In late 2013, the National Highway Traffic Safety Administration (NHTSA) is expected to make a “recommendation” on the future of connected vehicle technologies, which could result in federal regulations imposing a timeline for automakers to install connected vehicle communications technology in vehicles. However, until such a decision takes place, the future of connected vehicle technology implementation rests largely on market forces and whether or not a significant “pull” emerges from consumers. During the next 10 years, there is anticipation that something will change from what we have today, and most likely it will begin with applications being developed that consumers perceive as beneficial either from a safety, information, convenience, or entertainment perspective. Those applications could come from automakers, mobile device providers, and/or third-party vendors. However, the rapid advancement of the “App” isn’t going to end with the current state-of-the-practice, which leads to deducing that additional applications will become available.

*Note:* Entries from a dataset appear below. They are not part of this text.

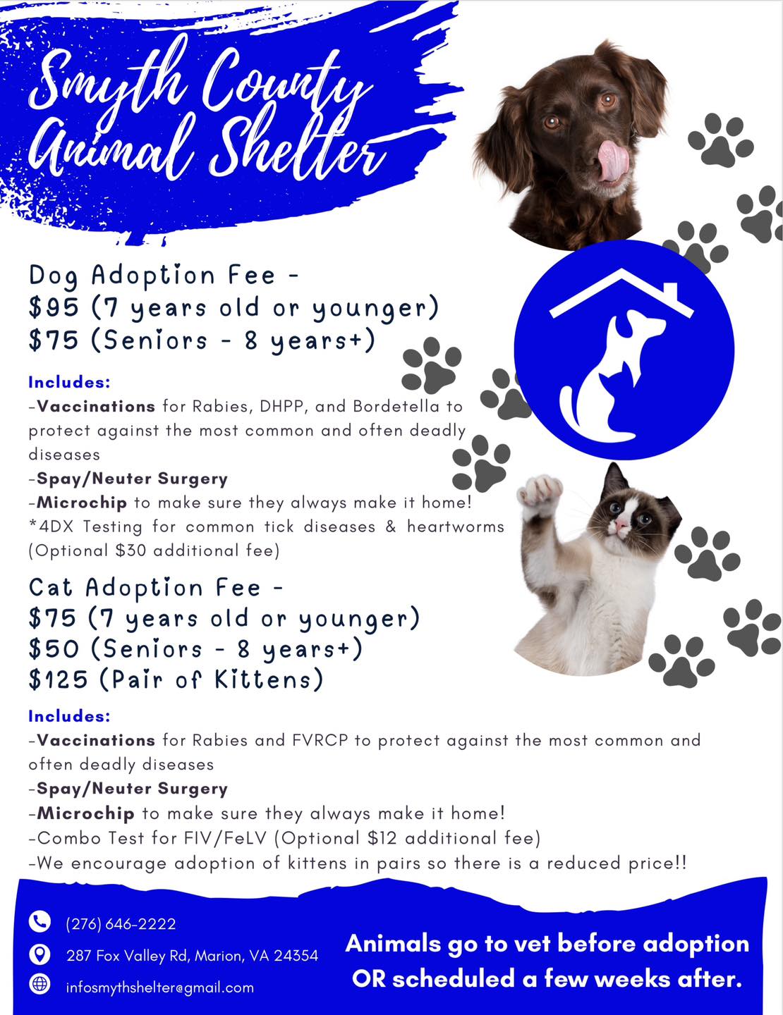 Announcing new adoption services and fees at the Smyth County Animal Shelter. Vet services are being scheduled and/or provided prior to your new pet going home including
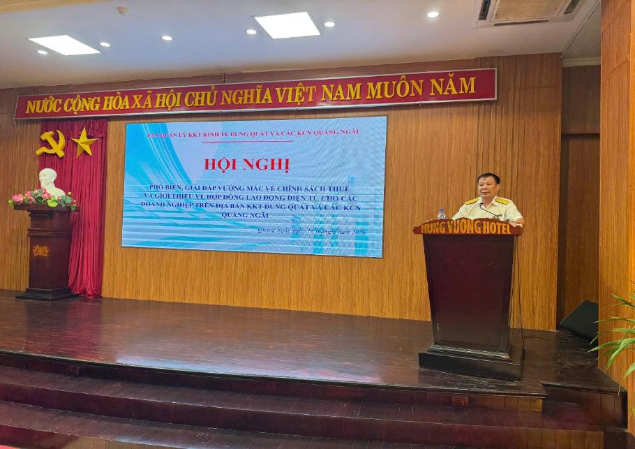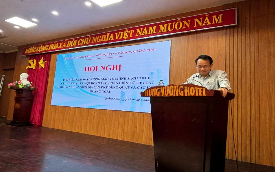 Sáng ngày 18/03/2026, tại Khách sạn Hùng Vương (TP. Quảng Ngãi), Ban Quản lý KKT Dung Quất và các KCN tỉnh Quảng Ngãi chủ trì, phối hợp với Thuế tỉnh Quảng Ngãi, Công ty CP MISA, Viettel tỉnh Quảng Ngãi tổ chức "Hội nghị phổ biến, giải đáp vướng mắc về chính sách thuế cho các doanh nghiệp trên địa bàn KKT Dung Quất và các KCN Quảng Ngãi".
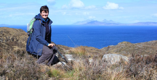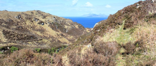 I come around a hillock and… what a view! That island must be… Muck, maybe? No, Eigg. And is that Rum behind it?
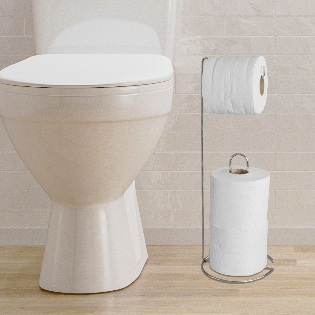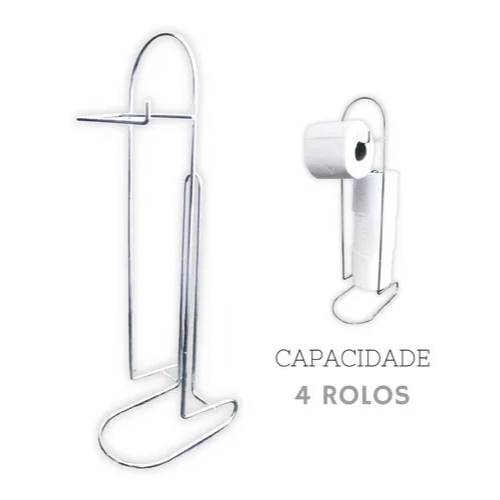 Porta Papel Higiênico P/ Chão Papeleiro Suporte 4 Rolos Cromado Luxo Banheiro

While the uncertainty surrounding vehicle-to-vehicle communication and hand-held device communications continues to percolate, so too does uncertainty surrounding vehicle-to-infrastructure communication with no current regulatory or legislative demands on the horizon. Left to their own schedule, will road management agencies (state, county, municipal) perceive enough benefit to warrant the installation and operations/maintenance of road side communication devices compatible with in-vehicle communication devices? Will the roll-out confine itself to urban applications predominantly? Will the many questions surrounding data ownership, consumer privacy, and legal/liability be answered during the next 10 years?
For the purposes of this project, assume that during the next 10 years agencies will begin to see implementation of connected vehicle communications and applications, but not on a widespread or nationwide basis during the 10-year window.

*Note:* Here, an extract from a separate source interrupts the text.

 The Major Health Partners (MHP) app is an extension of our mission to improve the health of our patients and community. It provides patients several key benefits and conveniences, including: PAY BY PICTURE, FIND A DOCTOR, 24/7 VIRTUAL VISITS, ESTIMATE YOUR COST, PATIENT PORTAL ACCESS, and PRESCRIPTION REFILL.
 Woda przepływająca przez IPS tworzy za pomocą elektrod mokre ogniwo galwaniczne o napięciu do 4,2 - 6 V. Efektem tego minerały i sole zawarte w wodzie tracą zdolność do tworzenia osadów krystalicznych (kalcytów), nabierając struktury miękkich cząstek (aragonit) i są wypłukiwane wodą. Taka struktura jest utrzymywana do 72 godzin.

2.3.1 Key Development: Seamless integration between vehicle and personal Smartphone and other mobile communication devices
Although widespread adoption is expected to be at least 10 years in the future, implications to TMC operations from seamless integration between vehicle and personal communication devices include a change in operations dealing with the resulting new and expanded data sources. TMCs will need to incorporate capabilities that allow them to utilize new concepts for third-party traffic-related application development that relays information through in-vehicle displays or through in-vehicle or mobile device applications. As mobile communication devices shift mode to mode with the traveler, the amount of data collected and aggregated will lead to an increased focus on integrated multi-modal operations.

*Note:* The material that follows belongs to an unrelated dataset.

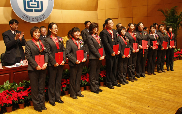 会上宣读了国家图书馆关于表彰2011年度“先进集体”、“服务标兵”、“创新奖项目”和“馆长特别奖”的各项决定,以及国家图书馆在馆工作满三十年员工名单。在欢快的乐曲和热烈的掌声中,主席台就座的领导依次向获奖的集体代表和个人颁发了荣誉证书,向在馆工作满三十年的23名员工颁发了纪念章和证书。
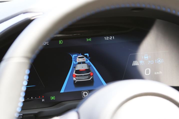「渋滞時ハンズオフアシスト」は、0km/hで停止しても前車を捕捉し続けるので、ブレーキを踏む必要がない。また、発進時にはステアリングのボタンなどを押すなどの操作をする必要がなく、前車が発進すれば自動で追従していく

2.4 Agency Processes Category
Good agency processes will facilitate the ability to leverage opportunities, whereas shortsighted or shackling processes will allow external influences to hamper the ability for agencies to operate effectively. Funding, and the ability to get funding, is a key way to allow agencies to leverage opportunities. Performance measurement is an important process that allows TMC managers to know how they are performing so they can improve their performance. It also sheds light on the beneficial things TMC managers do so they can more effectively position themselves for funding. The proliferation of data described above is a resource for measuring many aspects of operations performance.
In general, governmental budgets are expected to be stable or shrink over the next decade. As new decision makers, such as investors, bonding agencies, and private sector operators and providers, are added to the picture, TMC managers will need to understand and manage occasional competing priorities, which may include revenue versus traffic management. TMC managers may also be directed to implement innovative funding mechanisms such as tolling and pricing as well as public-private partnerships. Public-private partnerships can include outsourcing TMC operations for operators and maintenance staff as a way to reduce cost and enhance existing services like remote-access capabilities. Private partners can be responsible for the technical and organizational issues that go with inter-agency data sharing while TMCs can assist with the quality assurance aspect.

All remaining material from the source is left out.